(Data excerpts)
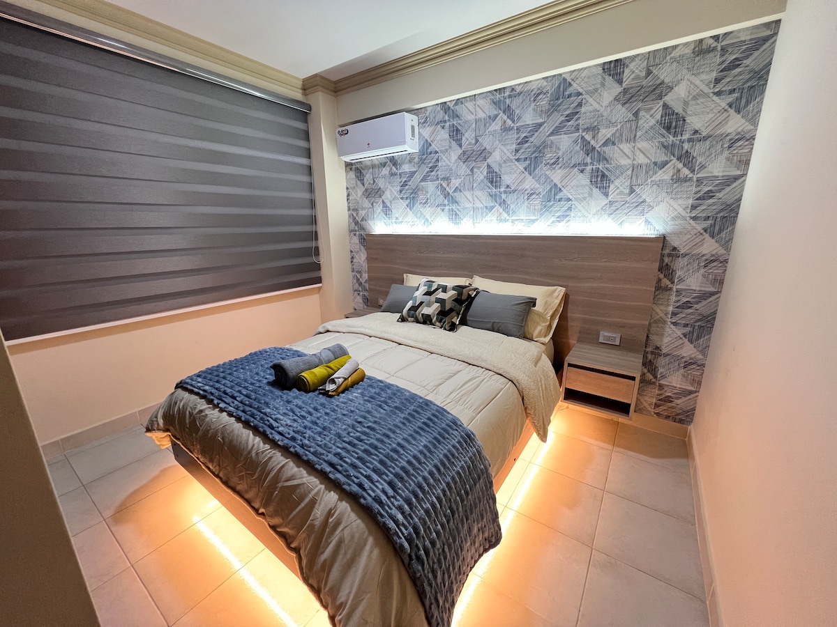Apartamento de una suite, totalmente equipado y diseñado para su comodidad con distintas áreas como lavandería, cocina, living, y comedor. Así mismo cuenta con Aire Acondicionado, Internet WiFi, Alexa, Televisores Smart, Chromecast IPTv, con acceso a más de 400 canales de televisión y contenido de las principales plataformas de streaming. Contamos con seguridad privada, recepción y atención al cliente las 24 hrs. del día. Brindamos desayuno continental (opcional)
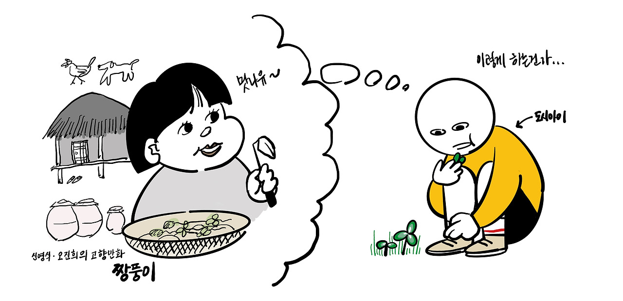 어릴 땐 주위에 명절마다 시골에 내려가는 친구들이 많았다. 다들 시골에 내려가면 쥐불놀이 깡통 한 번씩은 돌려보고, 복숭아나 오이 서리도 하고, 모내기도 해보는 모양이었다. 신도시에 살았던 우리 집은 큰집이었기에 시골에 내려갈 일도 없었고, 시골이야기를 들려주는 친척도 없었다. 다들 도시에 살았기 때문이다. 시골이 궁금했던 초등학생의 나는 시골을 그린 만화 '짱뚱이'를 닳도록 읽었다. 짱뚱이처럼 봄철 들판의 약초를 캐는 대신, 나는 신도시 인공 조경의 클로버를 씹어보며 나름대로 자연을 느껴보려고 했었다. 애초에 경험한 자연이 많지 않았기 때문에, 자연은 언제나 엉거주춤 접근하게 되는 존재였다.
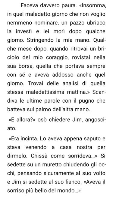 “Faceva davvero paura. <<Insomma, in quel maledetto giorno che non voglio nemmeno nominare, un pazzo ubriaco la investì e lei morì dopo qualche giorno. Stringendo la mia mano. Qualche mese dopo, quando ritrovai un briciolo del mio coraggio, rovistai nella sua borsa, quella che portava sempre con sé e aveva addosso anche quel giorno. Trovai delle analisi di quella stessa maledettissima mattina.>> […]
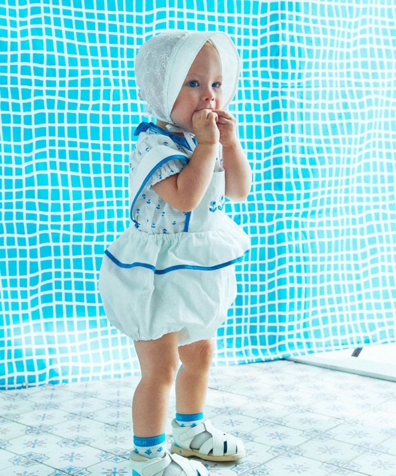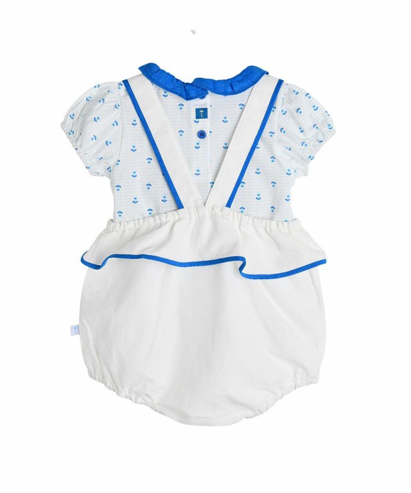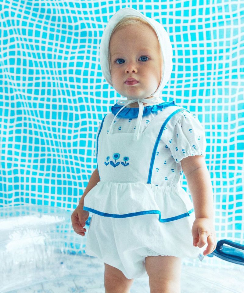 トレンディなエプロンデザインで可愛さをプラスした半袖Tシャツとカバーオールのセット。ブルーカラーの配色が爽やかなイメージを与え上品な刺繍グラフィックがポイントとなるアイテム。着心地がさらに柔らかく洗濯後も変形が少ないアイテム。ブルーミングワンピース(M252OPB15P)と姉妹ルックがおすすめです。
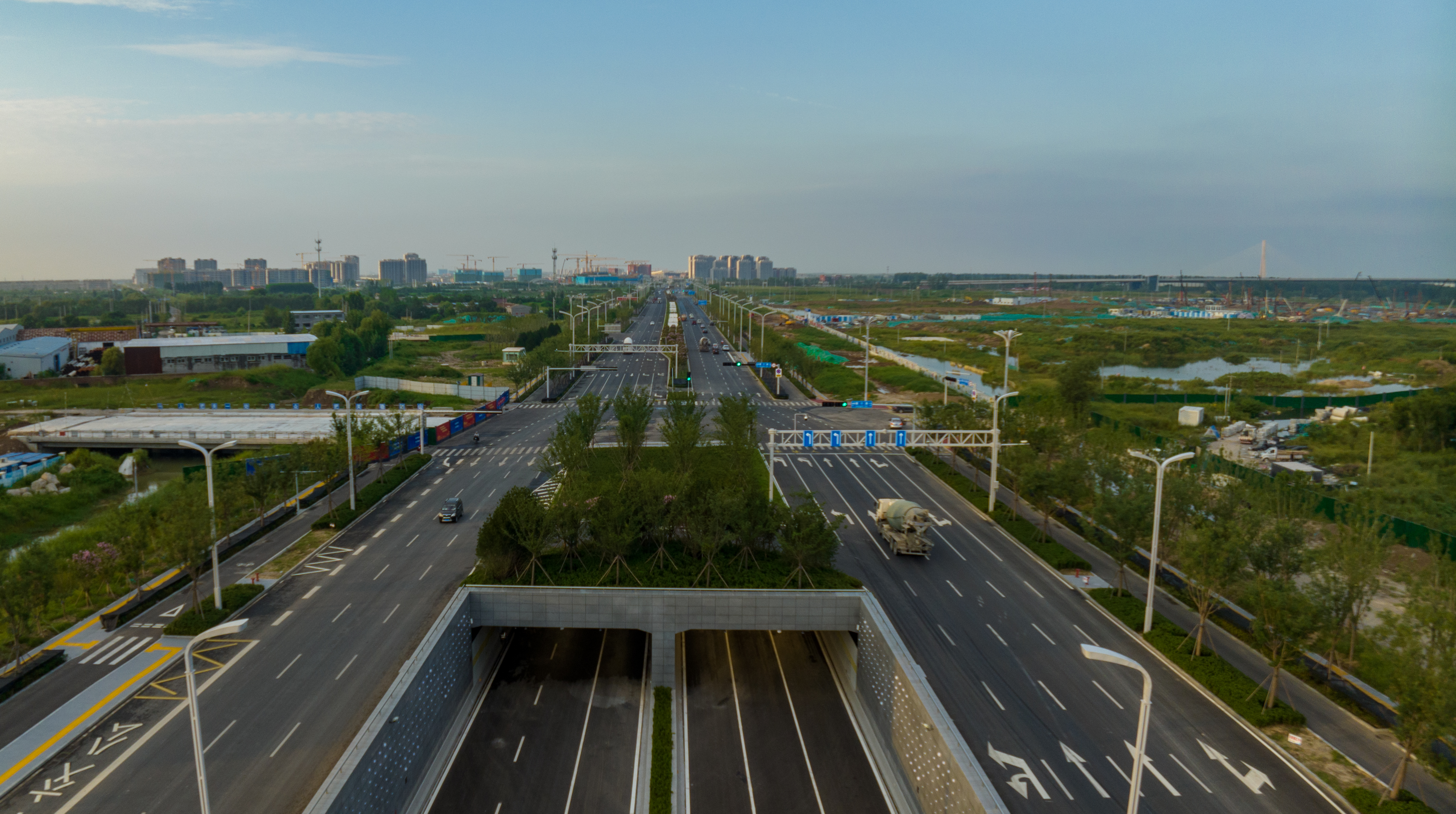 建設過程中,也積極探索各項環(huán)保新舉措。此次通車的路段全線主輔路機動車、非機動車道下面層采用廠拌熱再生瀝青混凝土,節(jié)省大量用料,取得顯著經(jīng)濟和社會效益。采用了環(huán)氧瀝青混凝土作為路面材料,在全市首次實行全厚式瀝青攤鋪技術(shù),有效減少了水泥穩(wěn)定碎石使用量,同時將施工工期縮減為原來的60%左右。而黃河體育中心地道結(jié)合環(huán)評要求,充分利用地道特點及中分帶條件,采用“豎井自然通風為主+射流風機輔助”的復合通風方式,利用地道內(nèi)外風壓差和熱壓差進行通風換氣,無需設置大型軸流風機房,節(jié)約通風系統(tǒng)設備的同時,每年更能節(jié)約用電約500萬度,踐行低碳理念。

| What is required |
Take the line containing "maledettissima mattina.>> […]" and every line after it up to the end of the entries, and quote them exactly. Both ends count; the pictures do not.

| Task answer |
 “Faceva davvero paura. <<Insomma, in quel maledetto giorno che non voglio nemmeno nominare, un pazzo ubriaco la investì e lei morì dopo qualche giorno. Stringendo la mia mano. Qualche mese dopo, quando ritrovai un briciolo del mio coraggio, rovistai nella sua borsa, quella che portava sempre con sé e aveva addosso anche quel giorno. Trovai delle analisi di quella stessa maledettissima mattina.>> […]
 トレンディなエプロンデザインで可愛さをプラスした半袖Tシャツとカバーオールのセット。ブルーカラーの配色が爽やかなイメージを与え上品な刺繍グラフィックがポイントとなるアイテム。着心地がさらに柔らかく洗濯後も変形が少ないアイテム。ブルーミングワンピース(M252OPB15P)と姉妹ルックがおすすめです。
 建設過程中,也積極探索各項環(huán)保新舉措。此次通車的路段全線主輔路機動車、非機動車道下面層采用廠拌熱再生瀝青混凝土,節(jié)省大量用料,取得顯著經(jīng)濟和社會效益。采用了環(huán)氧瀝青混凝土作為路面材料,在全市首次實行全厚式瀝青攤鋪技術(shù),有效減少了水泥穩(wěn)定碎石使用量,同時將施工工期縮減為原來的60%左右。而黃河體育中心地道結(jié)合環(huán)評要求,充分利用地道特點及中分帶條件,采用“豎井自然通風為主+射流風機輔助”的復合通風方式,利用地道內(nèi)外風壓差和熱壓差進行通風換氣,無需設置大型軸流風機房,節(jié)約通風系統(tǒng)設備的同時,每年更能節(jié)約用電約500萬度,踐行低碳理念。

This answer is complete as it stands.